I want to return to a world in which we examined our fear of scarcity, the real causes of shortages, and how our material goods are exchanged and circulated. The juxtaposition of long lines outside of food banks all while dairy farms are dumping milk is just too heartbreaking.
I want to return to a world where we don’t question if everyone “deserves” healthcare.
I want to return to a world in which we focused less on “if we can afford to” but “how we can afford to”.
I want to return to a world where we continued to recognize the people who keep our society afloat: the healthcare providers, sanitation workers, teachers, farmers, grocery clerks, mailmen, transit operators…and offer them the respect and livable wages they deserve.

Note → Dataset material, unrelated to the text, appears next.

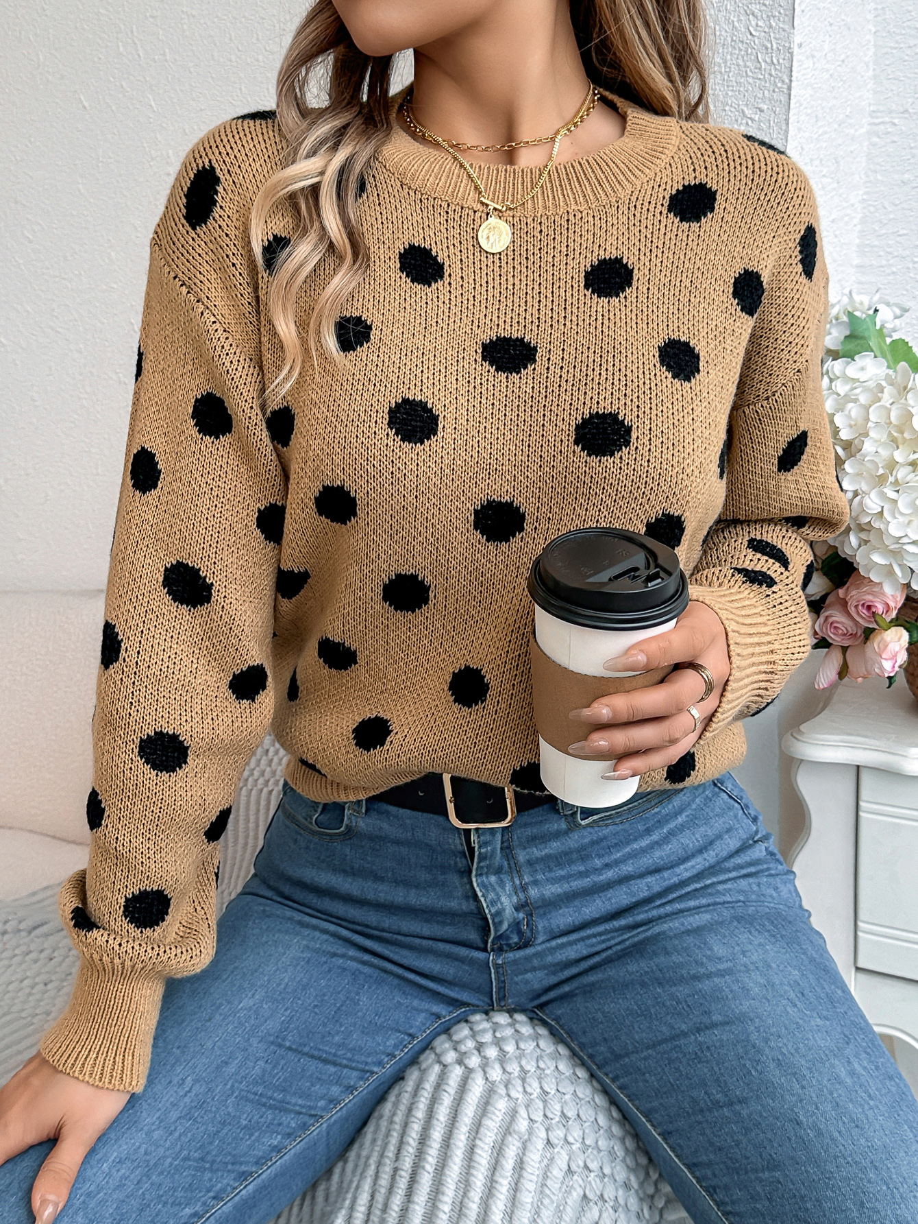 Casual Color Block Polka Dot Long Sleeve Pullover Sweater

I want to return to a world in which environmentalists broadened our activism because our work can’t be just about “the environment.” The outbreak has made it clear that nobody’s got time, energy or resources to think about sustainability when they are struggling to pay rent and put food on the table. Yet a system that allows some to go hungry and homeless – long before this pandemic – while allowing others to accumulate billions through massive exploitation, is the very reason we are in this climate crisis to begin with.

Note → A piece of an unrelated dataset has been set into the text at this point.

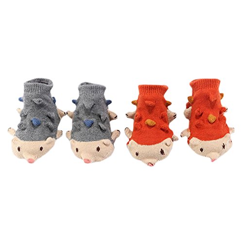 2ペアノンスリップ新生児幼児靴下ウォームストッキングベビーギフト9-11.5 0-1歳のCMベビーヘッジホッグ

I want to return to a world in which the more privileged among us take a harder look at on whose backs our privilege is built upon, and engaged in more serious wealth distribution, even when there is not an economic meltdown.

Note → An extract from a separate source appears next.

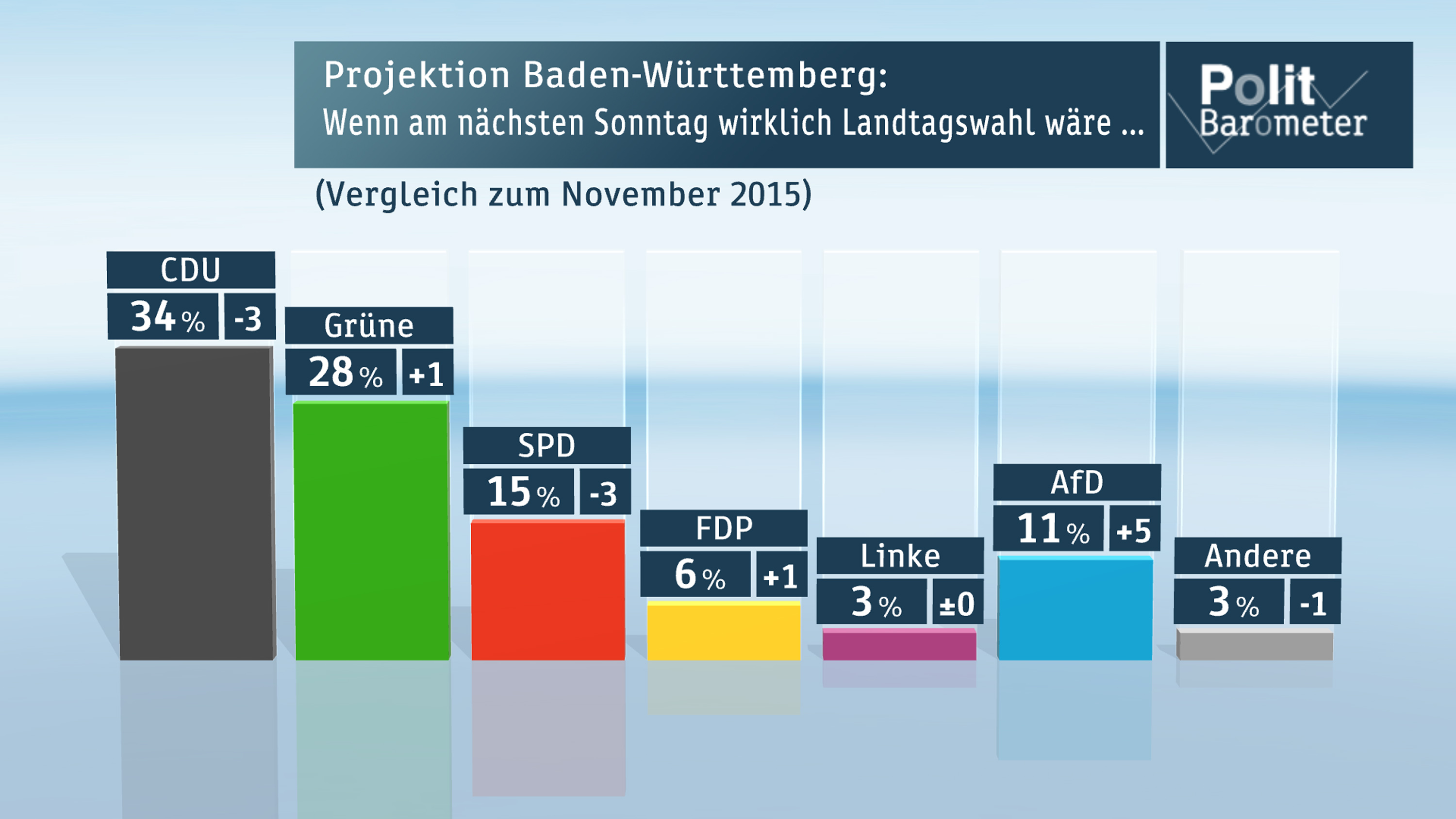 Zurück zu ZDF-Politbarometer Extra Baden-Württemberg Januar 2016: Vorsprung der CDU schrumpft - AfD zweistellig

I want to return to a world in which we united around science, but not what Kimmerer describes as the “scientific worldview.” She explains the distinction in Braiding Sweetgrass this way:
For what good is knowing, unless it is coupled with caring? Science can give us knowing, but caring comes from someplace else….While science could be a source of and repository for knowledge, the scientific worldview is all too often an enemy of ecological compassion. It is important in thinking about this lens to separate two ideas that are too often synonymous in the mind of the public: the practice of science and the scientific worldview that it feeds. Science is the process of revealing the world through rational inquiry. The practice of doing real science brings the questioner into an unparalleled intimacy with nature fraught with wonder and creativity as we try to comprehend the mysteries of the more-than-human world. Trying to understand the life of another being or another system so unlike our own is often humbling and, for many scientists, is a deeply spiritual pursuit…Contrasting with this is the scientific worldview, in which a culture uses the process of interpreting science in a cultural context that uses science and technology to reinforce reductionist, materialist economic and political agendas.
As materialist economic and political agendas are on plain display right now, I want to return to a world where we continued to think about and talk about public health, the economy, science and technology, and good governance. And a world where all this thinking, talking, tweeting, meme-ing, and complaining translate to acting, voting, and advocating.
I want to return a world where we actively supported and learned from indigenous communities around the world, who have for millennia practiced economy of the commons and lived in ways that benefited the future generations. The communities that are comprised of less than 5% of the world’s population yet protect 80% of global biodiversity. The communities that are living examples of compassion and resiliency, despite forced migration and genocide. (Local friends, check out what is happening today to indigenous groups in our own state while everyone’s attention focuses on COVID-19.)
I want to return to a world where everyone, every living, and non living thing mattered. A world where all are allowed and given the conditions to flourish. Because all flourishing is mutual.
Header image: moss spotted on a recent walk. If you don’t think this is art, then I don’t know what art is!